**Task description:**
Would you transcribe the entries below word for word, omitting all images?

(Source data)
━━━━━━━━━━━━━━━━━━━━
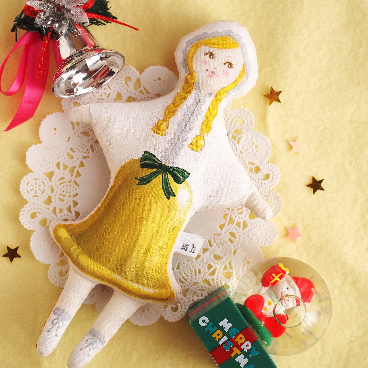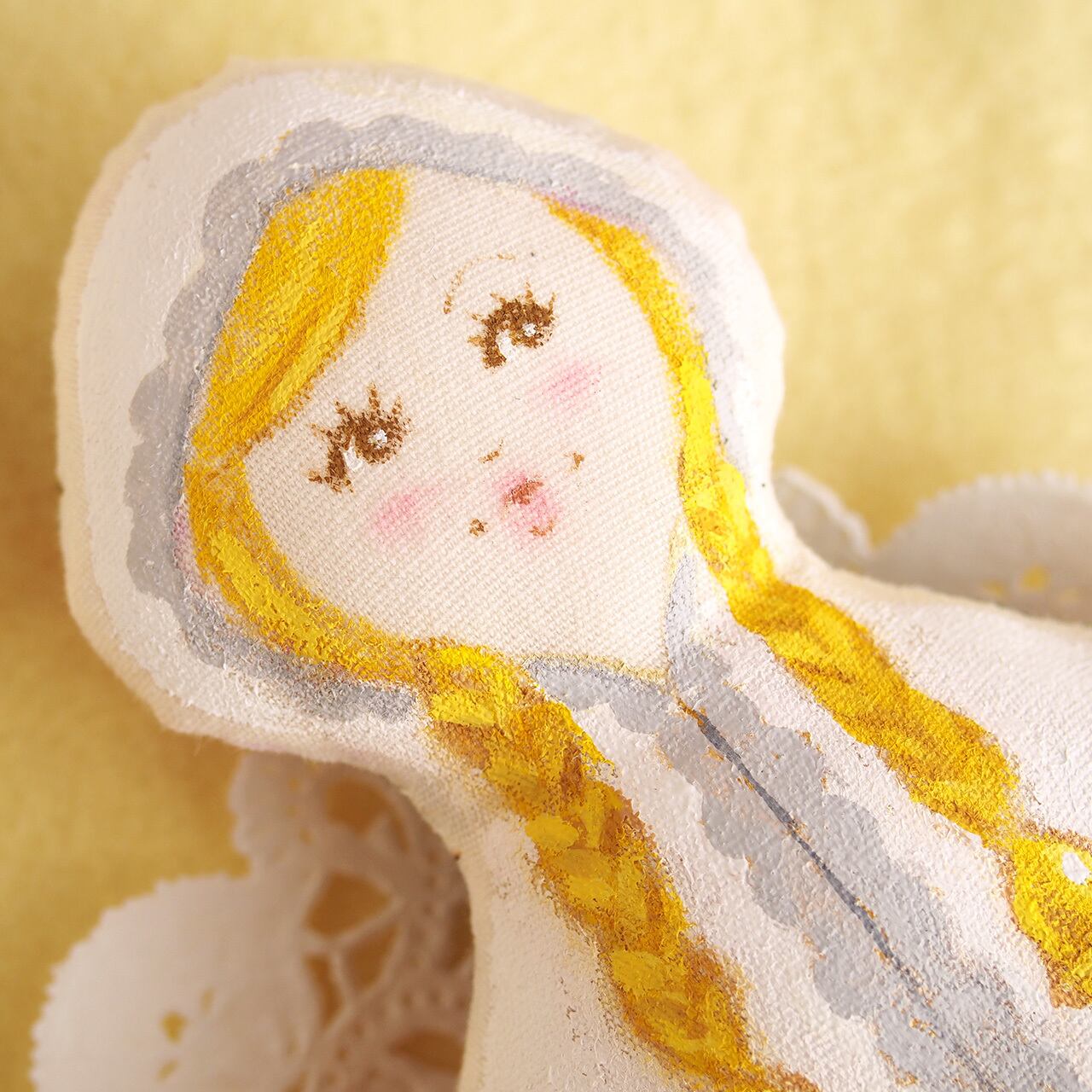 白、またはキナリの布を手縫いし、綿を入れて人形の形を作り、そこへ直接アクリル絵の具で着色しています。
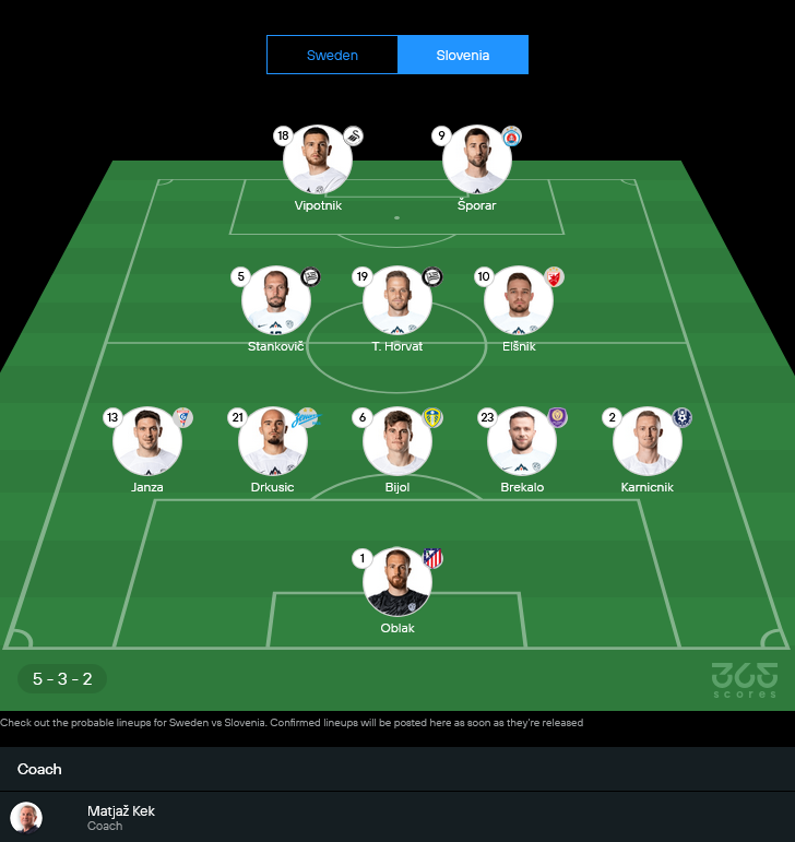 ฝั่งสโลวีเนีย ขาดตัวทีเด็ดแบบ เซสโก้ เกมรุกลดความอันตรายไปครึ่งหนึ่ง แถมต้องมาเยือนอีก โอกาสแพ้มีไม่น้อย แต่เป็นบอลยันเหนียว อาจไม่โดนยิงขาด
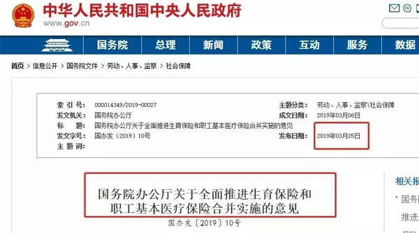 2019年3月月15日,國務院正式發(fā)布《關(guān)于全面推進生育保險和職工基本醫(yī)療保險合并實施的意見》(國辦發(fā)〔2019〕10號),意見指出,2019年底前實現(xiàn)兩項保險合并實施。
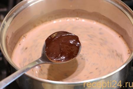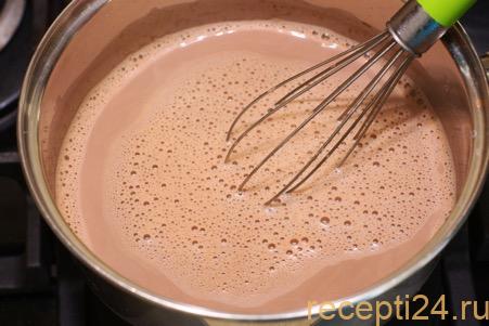 С помощью венчика или миксера хорошенько перемешиваем содержимое кастрюли. Оставляем на маленьком огне прокипеть еще 2 минуты. На этом этапе нужно внимательно следить, чтобы жидкость не сбежала на плиту.
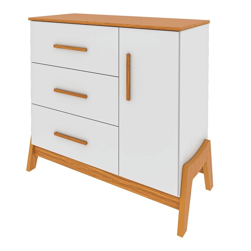 A Cômoda Guti é projetada para oferecer elegância e praticidade. Seu design compacto e moderno é ideal para diversos tipos de ambientes, desde quartos até salas de estar. Com uma porta e três gavetas, ela proporciona um espaço de armazenamento eficiente para roupas, acessórios, documentos e outros itens essenciais.
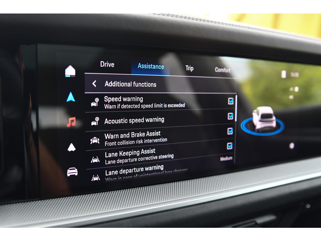 - Adaptieve cruise control met stuurhulp incl. noodgevalassistent en Lane Keeping Assist (Porsche Innodrive incl. Active Lane Keeping)
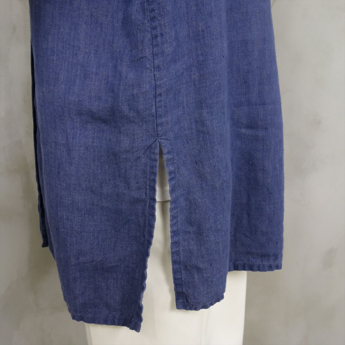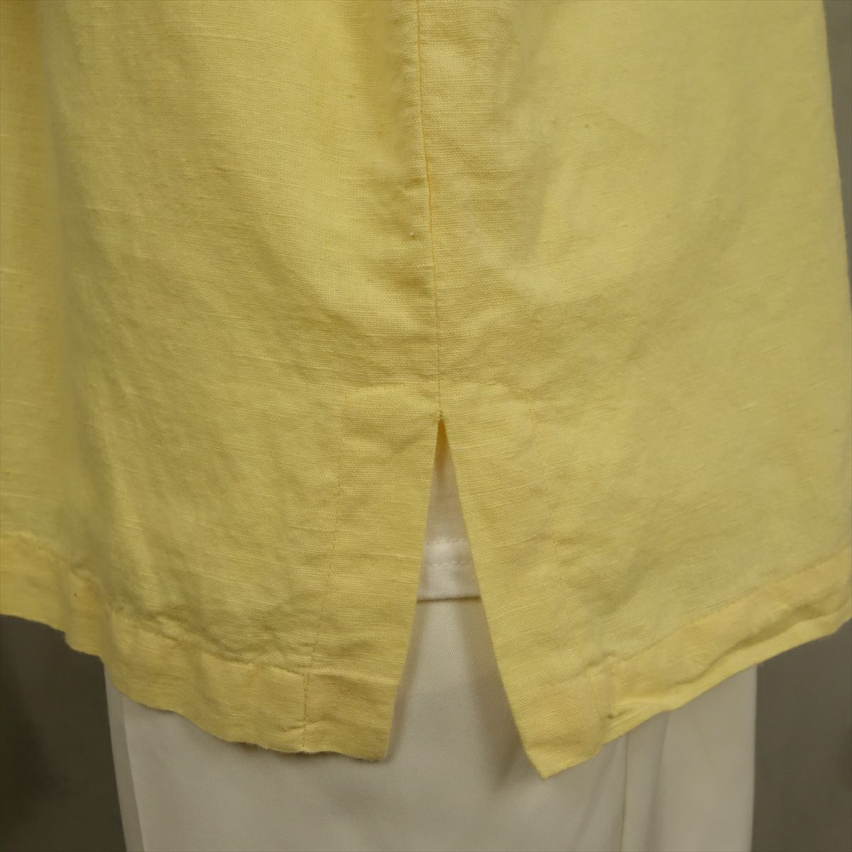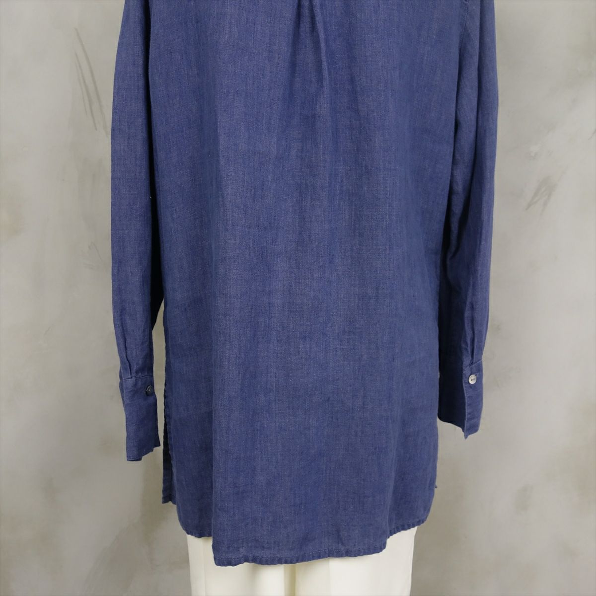 古着 リネン ノーカラー 長袖シャツ
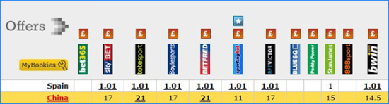 從賠率數據分析來看,西班牙本場優勢非常大,取勝的賠率甚至低至1.01,有部分公司竟然開出可笑的1.0的賠率,而中國取勝的賠率則相對離散,從最低的11倍的賠付到21都有開出,部分公司甚至開到67,本場中國取勝的可能很小,建議更多關注其他玩法。
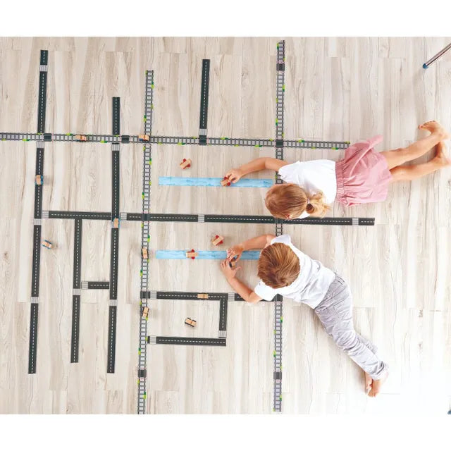 - CREATIVE ADHESIVE TAPE: Includes tape that sticks to most surfaces and peels off effortlessly, allowing for imaginative setups and play.
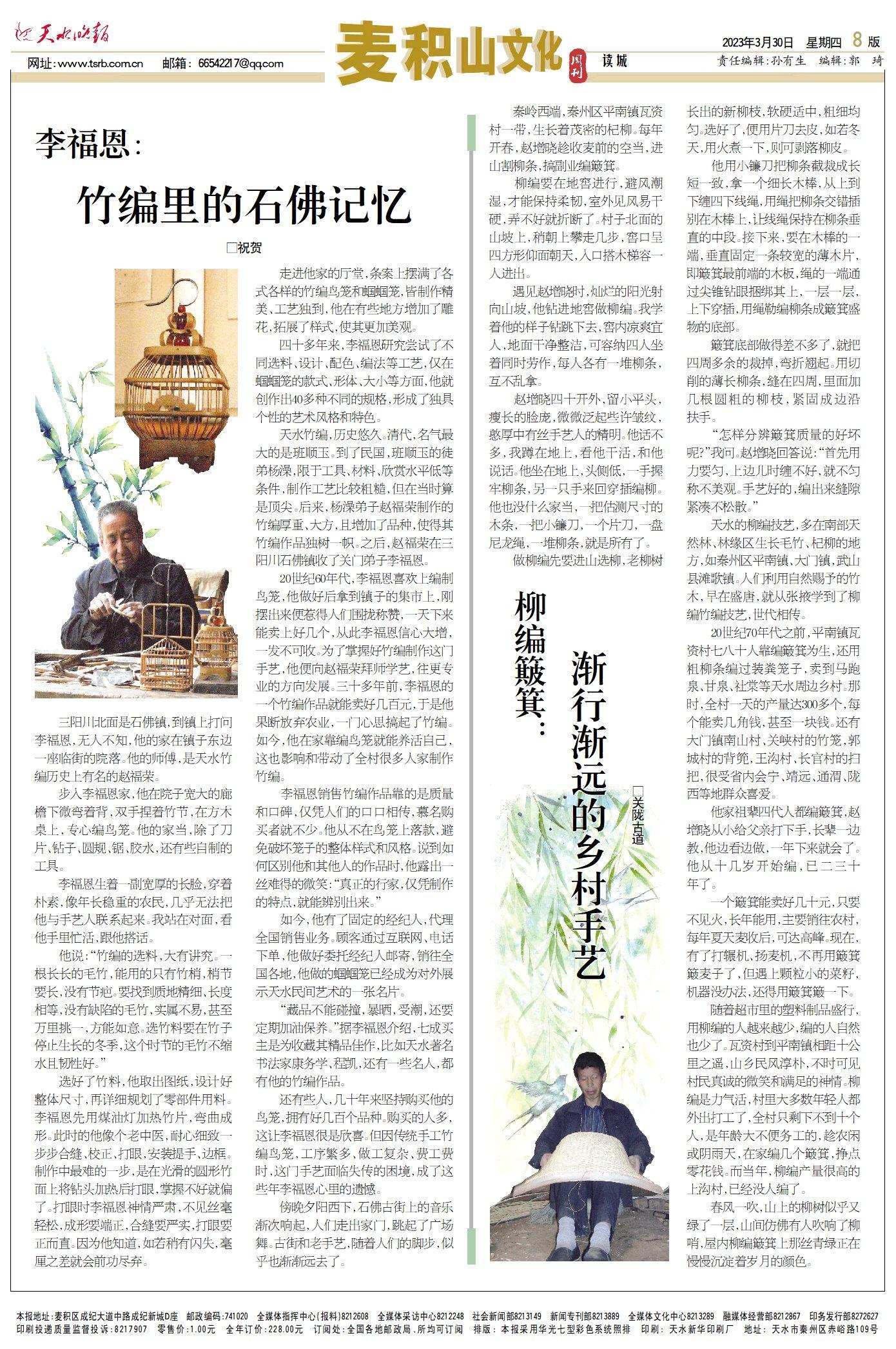 三阳川北面是石佛镇,到镇上打问李福恩,无人不知,他的家在镇子东边一座临街的院落。他的师傅,是天水竹编历史上有名的赵福荣。
━━━━━━━━━━━━━━━━━━━━
**Result for this exercise:**
 白、またはキナリの布を手縫いし、綿を入れて人形の形を作り、そこへ直接アクリル絵の具で着色しています。
 ฝั่งสโลวีเนีย ขาดตัวทีเด็ดแบบ เซสโก้ เกมรุกลดความอันตรายไปครึ่งหนึ่ง แถมต้องมาเยือนอีก โอกาสแพ้มีไม่น้อย แต่เป็นบอลยันเหนียว อาจไม่โดนยิงขาด
 2019年3月月15日,國務院正式發(fā)布《關(guān)于全面推進生育保險和職工基本醫(yī)療保險合并實施的意見》(國辦發(fā)〔2019〕10號),意見指出,2019年底前實現(xiàn)兩項保險合并實施。
 С помощью венчика или миксера хорошенько перемешиваем содержимое кастрюли. Оставляем на маленьком огне прокипеть еще 2 минуты. На этом этапе нужно внимательно следить, чтобы жидкость не сбежала на плиту.
 A Cômoda Guti é projetada para oferecer elegância e praticidade. Seu design compacto e moderno é ideal para diversos tipos de ambientes, desde quartos até salas de estar. Com uma porta e três gavetas, ela proporciona um espaço de armazenamento eficiente para roupas, acessórios, documentos e outros itens essenciais.
 - Adaptieve cruise control met stuurhulp incl. noodgevalassistent en Lane Keeping Assist (Porsche Innodrive incl. Active Lane Keeping)
 古着 リネン ノーカラー 長袖シャツ
 從賠率數據分析來看,西班牙本場優勢非常大,取勝的賠率甚至低至1.01,有部分公司竟然開出可笑的1.0的賠率,而中國取勝的賠率則相對離散,從最低的11倍的賠付到21都有開出,部分公司甚至開到67,本場中國取勝的可能很小,建議更多關注其他玩法。
 - CREATIVE ADHESIVE TAPE: Includes tape that sticks to most surfaces and peels off effortlessly, allowing for imaginative setups and play.
 三阳川北面是石佛镇,到镇上打问李福恩,无人不知,他的家在镇子东边一座临街的院落。他的师傅,是天水竹编历史上有名的赵福荣。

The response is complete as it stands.